Глава 10
Это его дежурное «конечно» снилось мне всю неделю… звенящий хрип, с которым он выдавил из себя это слово, въелся мне под кожу. И эта ухмылка его насмешливая, холодная, с лица не сходила, пока он трахал меня до самого утра. Играл моим телом, как вздумается, изводил паузами и оглушал яркими вспышками удовольствия. Он даже не предпринимал попыток узнать что-либо, боялся, что сбегу, услышав хоть один вопрос, что льдинками застыли в его темных от бушующей страсти глазах. Практически молча выбивал из меня все силы и ломал хрупкие остатки самоконтроля, а когда я окончательно расслабилась и перестала думать, отдалась ему во всех смыслах, он сменил гнев на милость… Стал любить, как тогда, покрывая моё тело нежными поцелуями, вбирал стоны и стирал капли слёз, что бежали по щекам неуёмным ручьям счастья.
Но все равно, назло мне, вновь и вновь повторял это абсолютно дебильное бессмысленное в его случае слово, что нервы мои натягивало. Не сдержит своё слово! Чувствовала. Не такой он, ни за что не остановится, пока не докопается до правды.
Сердце рвалось от жгучей боли, когда он вышел из машины.

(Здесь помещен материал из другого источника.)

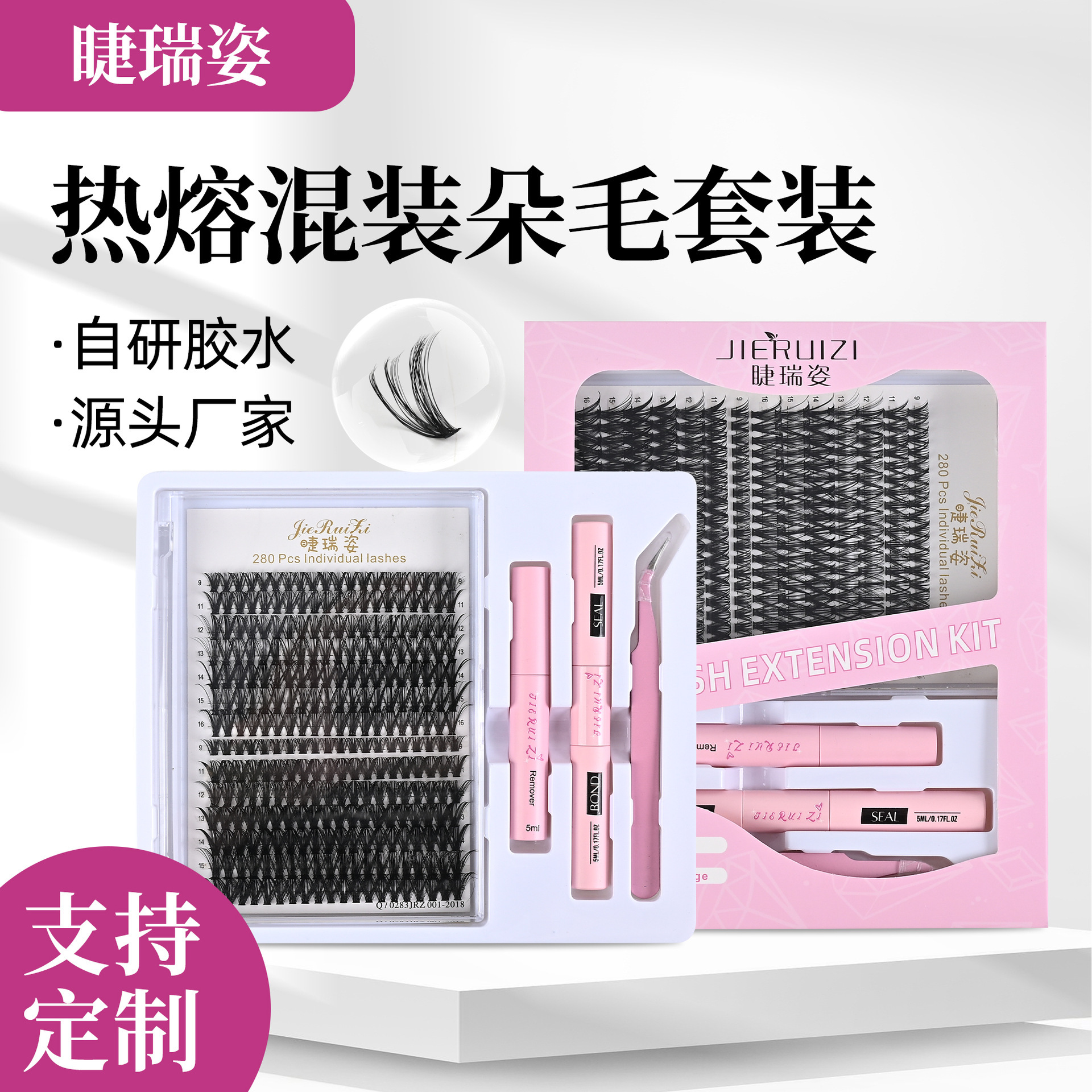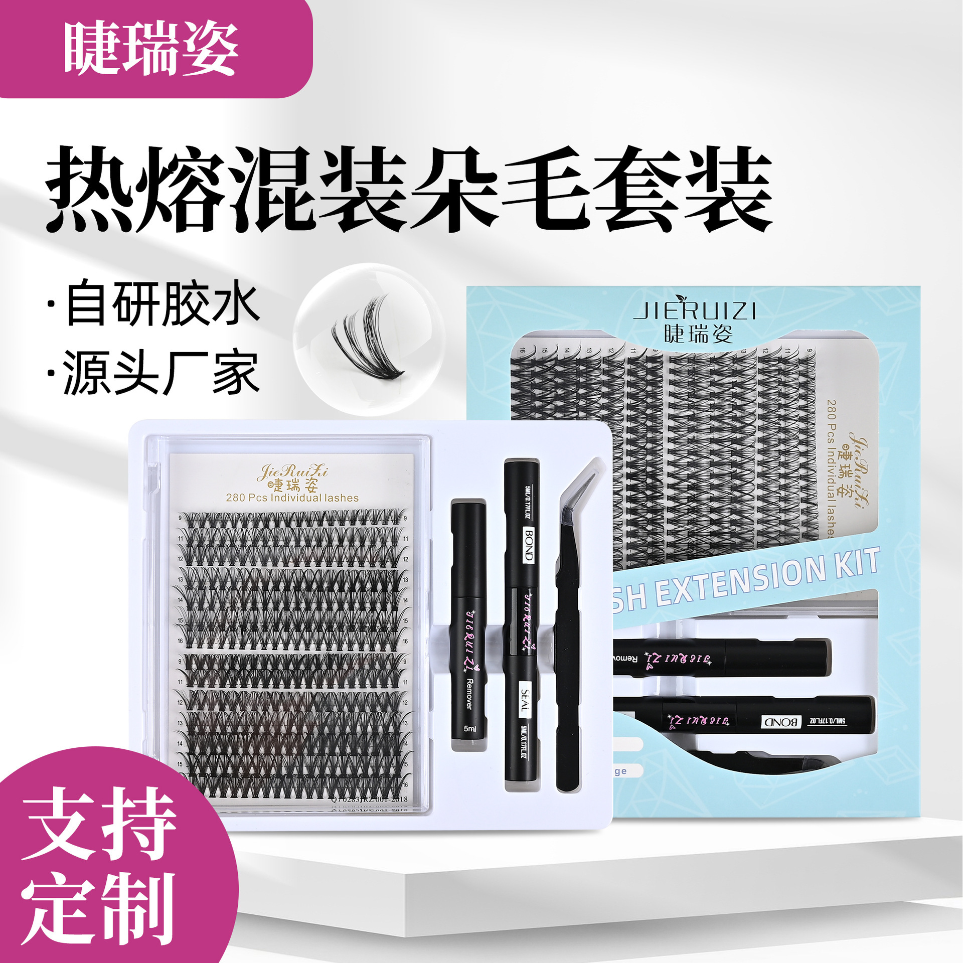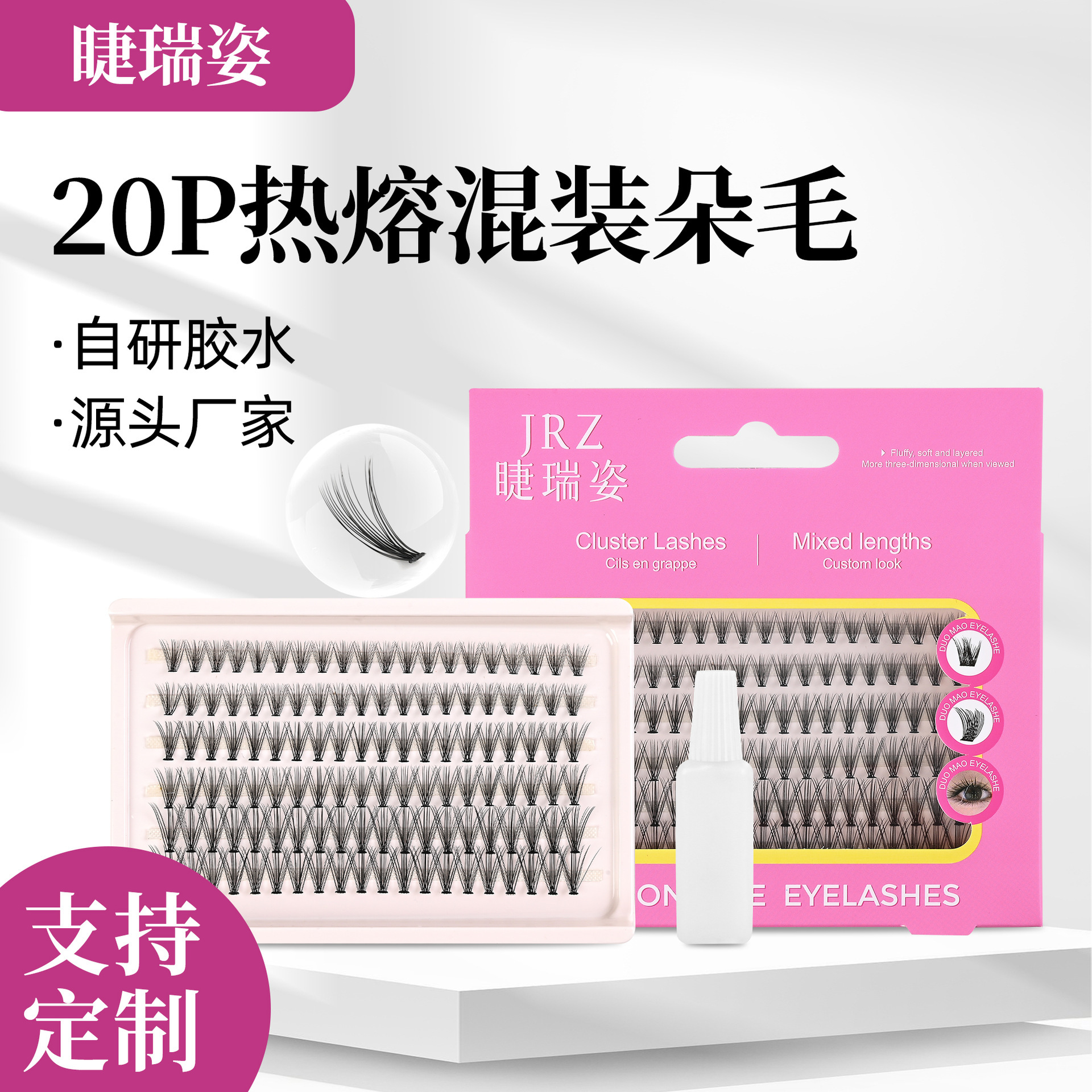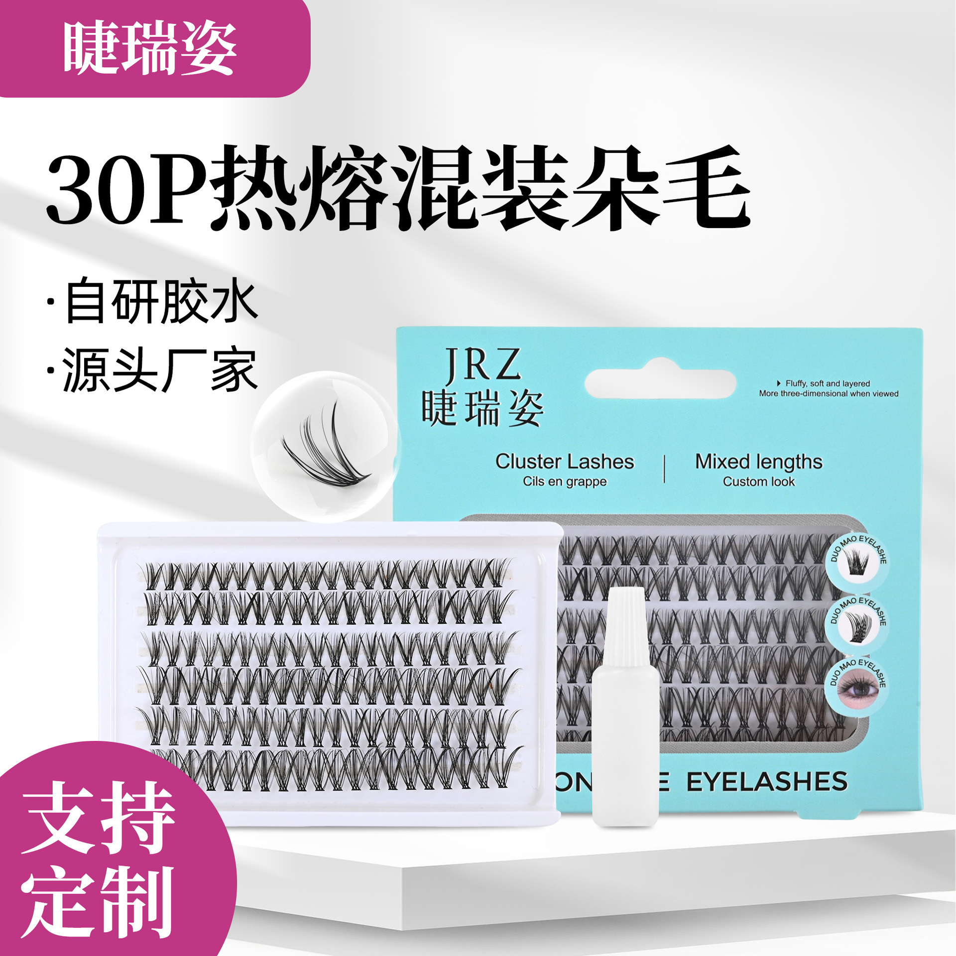 跨境热销朵毛分段假睫毛热熔混装朵毛套装双头胶大容量单簇假睫毛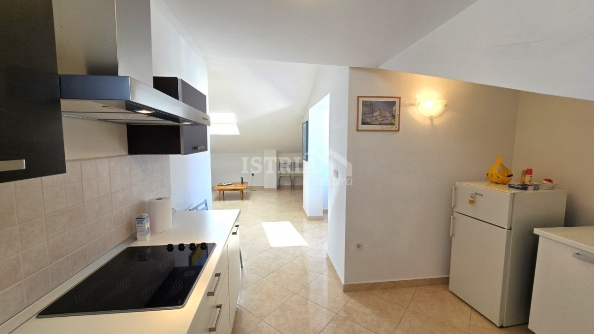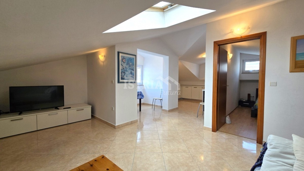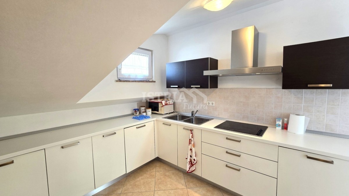 In vendita un bellissimo appartamento di 56 m² con vista mare, situato al 2° piano di un piccolo condominio residenziale con soli 6 appartamenti, a soli 800 m dal mare e a 3 km dal centro di Parenzo.

Рвалось, когда принёс свою футболку, вместо разодранного топа. Рвалось, когда катился за мной следом по сонному «Яблоневому». Как тогда… много лет назад. Всегда встречал после танцев и провожал, успокаиваясь, лишь когда я оказывалась у подъезда дома. Всё поменялось. Да, не идёт следом, попивая из металлической баночки газировку, а катится в дорогущей тачке, но провожает, потому что иначе не уснёт.
Да и миссия сегодня у него была другая. Хотел узнать, где я живу. Понимала это, но он будто специально выжал из меня все соки, чтобы не смогла сопротивляться и пытаться сбежать. Все продумал, вариантов не оставил. Поэтому затраханная, обессиленная и покорная вела его к собственному дому. Небо уже рассекали первые лучи рассвета, тело выворачивало от бродящей удовлетворённости, а глаза медленно закрывались. Если задержусь, то непременно угожу в любопытные лапки Алечки. Нельзя… Я оказалась зажатой меж двух огней: отвечать на вопросы бабушки или добровольно привести его к воротам своего дома. И я выбрала последнее, потому что Мироша всё равно узнает…

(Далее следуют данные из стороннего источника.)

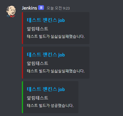 discord notifier 플러그인: https://www.jenkins.io/doc/pipeline/steps/discord-notifier/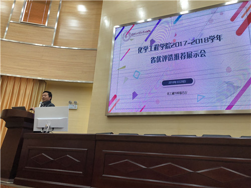 2017-2018学年省优评选推荐展示会于2018年3月29日下午16:00在化工楼100报告厅举行。院党委副书记李云燕老师、学工办主任袁敬老师、学工办李凯宇老师、化工院学生代表共计100余人参加了本次大会。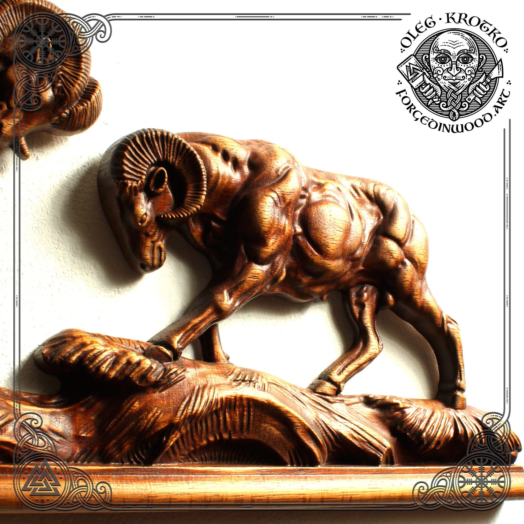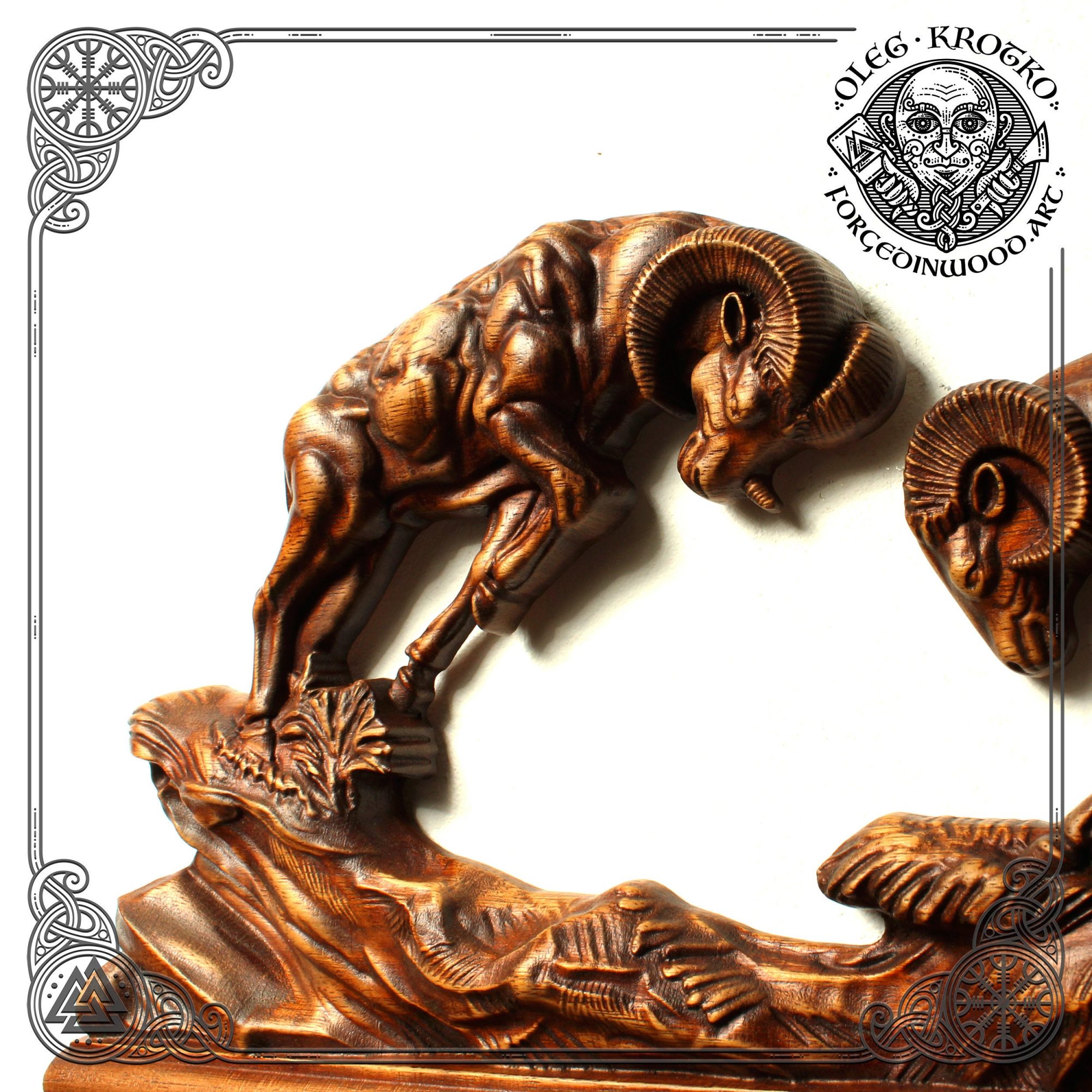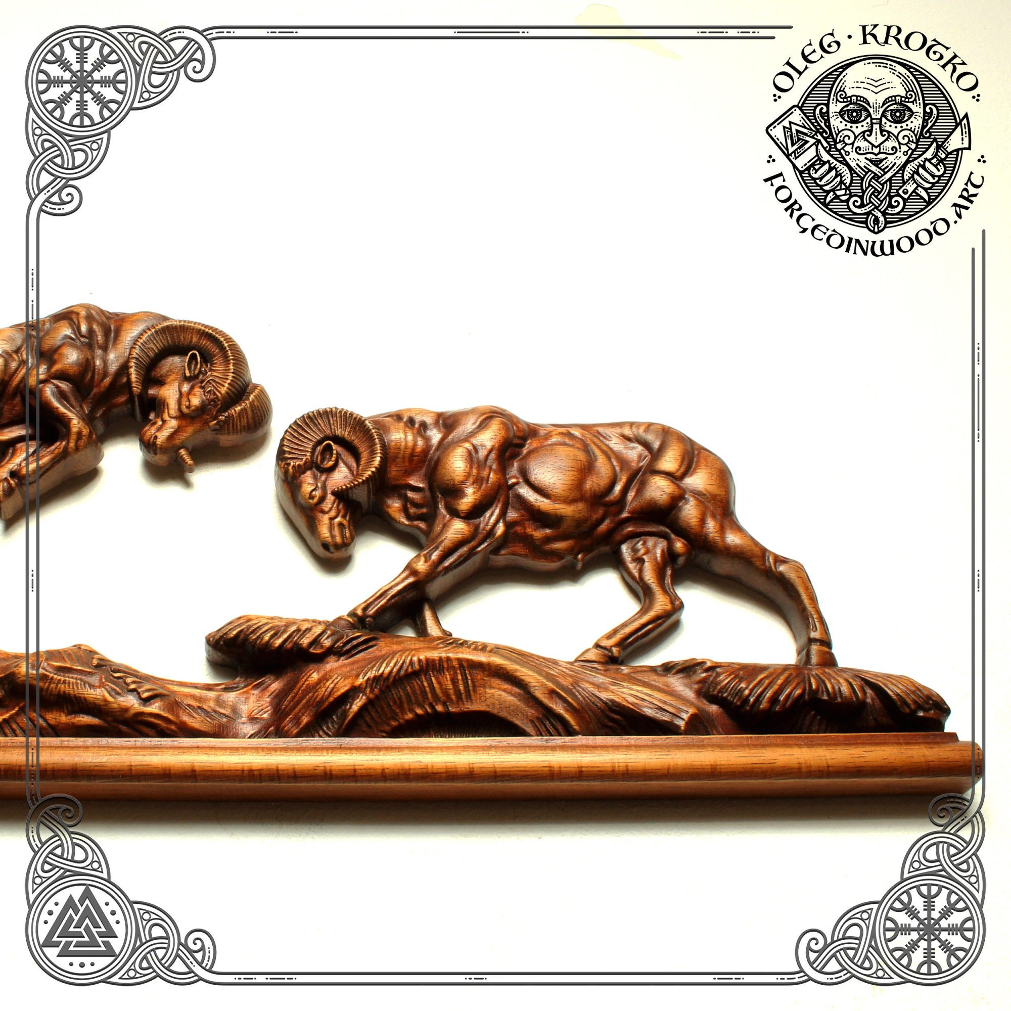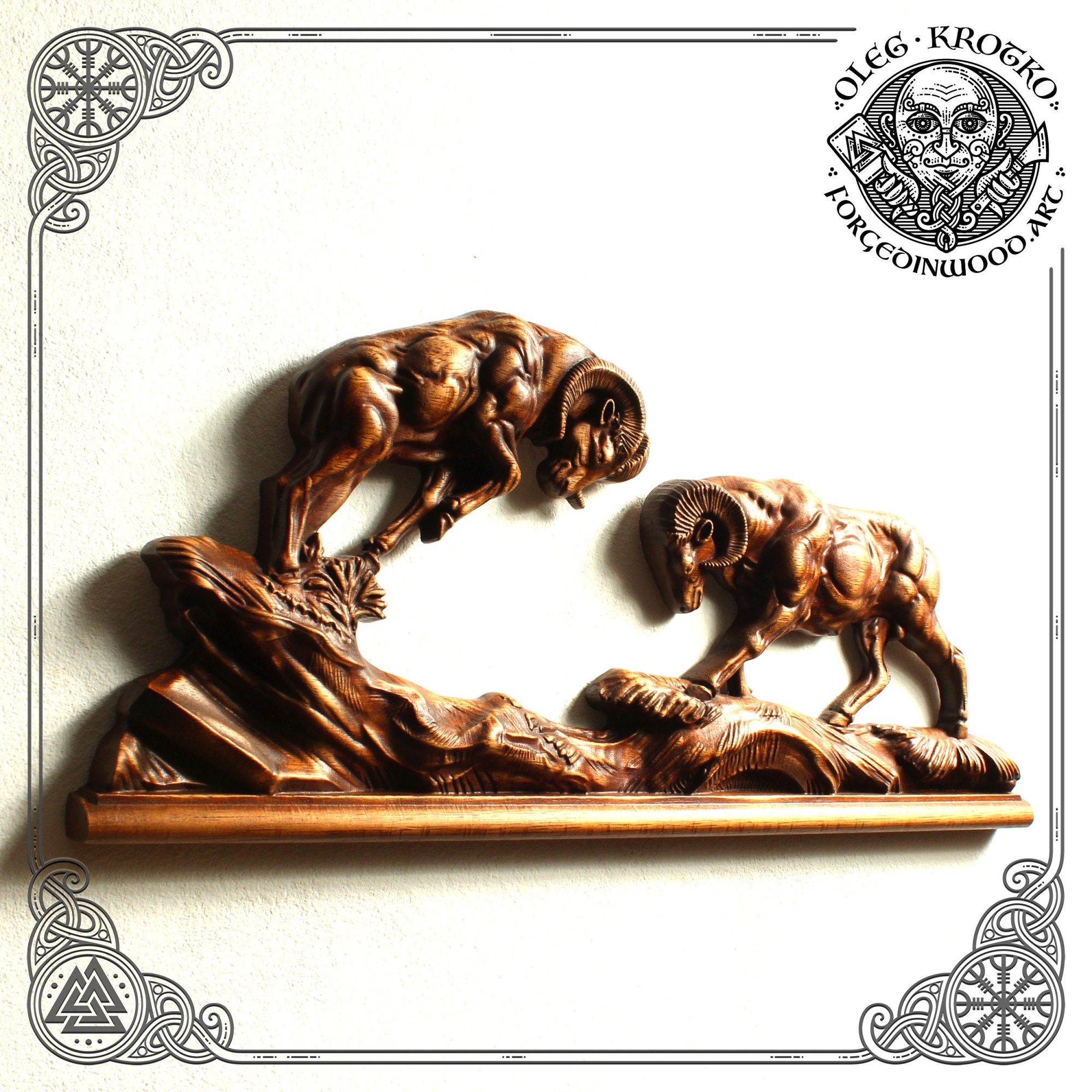 Iroko Wood Carved Fighting Goats, Rustic Cabin Wall Art (20.5×9 inches)

Припарковалась у дома, вышла из машины. А Королёв, поравнявшись со мной, дёрнул ручник и одним резким движением схватил меня за шею, притягивая к себе. Впечаталась в дверь, заваливаясь корпусом в салон.

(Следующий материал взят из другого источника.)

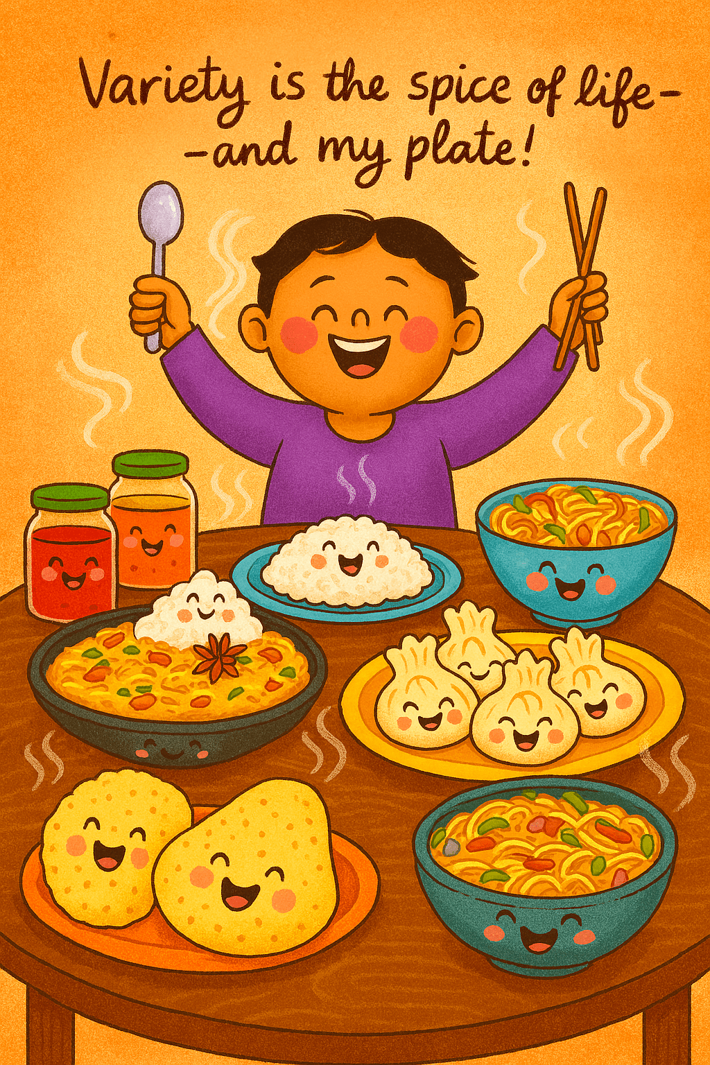 “Food is the only thing that’s both universal and personal,” and that’s exactly why I love exploring everything. One minute I’m happily munching on dal-rice with pickle and pappad, enjoying the comfort of home-cooked goodness. The next, I’m diving headfirst into a plate of spicy biryani or savoring those juicy momos dripping with sauce. And Chinese food? Well, that’s just the wild card that always spices up the party.

– Никогда не ставь мне условий, детка, – Мирон поцеловал в шею, провёл языком дорожку до самых губ, лизнул и отпустил. – Отдыхай пока…
Сжала челюсть, чтобы не разрыдаться, и побежала по извилистой тропинке в сторону дома, скрытого яблоневой рощицей. Опадающие лепестки волновались, поднимались в воздух, путались в волосах, липли к воспалённым губам и опускались на чёрную футболку, что насквозь пропахла ароматом его тела.
Решение само пришло с первыми лучами солнца. Схватила конверт, что вручил мне отец, и уже через два часа я собирала наш с Мишкой чемодан, а ещё через час мы мчались в такси в сторону аэропорта, пытаясь убежать. Но только враньё это было… Я лишь оттягивала момент. Но правда всегда всплывает, вот только когда человек говорит её сам, он выбирает момент, а когда она прорезается сквозь густую пелену вранья, то застаёт врасплох. Мне оставалось лишь ждать этот момент, потому что сама сказать не могла. Да и не хотела, несмотря на то что любила его до одури. До сих пор люблю. Пальцы помнят каждую родинку, бархатистость кожи и вибрацию бьющегося сердца. Но прошло так много времени, смогу ли я переступить прошлое? Смогу ли забыть все обиды? Смогу ли простить бесконечные часы мучительного одиночества, в которых утонула с головой? Если бы не Мишка, то сломалась бы…
***
… – Нет, дочь! – я сжимала ногами его торс, прорываясь ладонями к рёбрам, а Мироша отчаянно отбивался, заполняя мою комнату громким хриплым смехом. Когда не могла с ним справиться, в ход шли пальчики, что легким бегом по чувствительным местам заставляли этого упертого парня сдаваться. – Никаких мальчишек!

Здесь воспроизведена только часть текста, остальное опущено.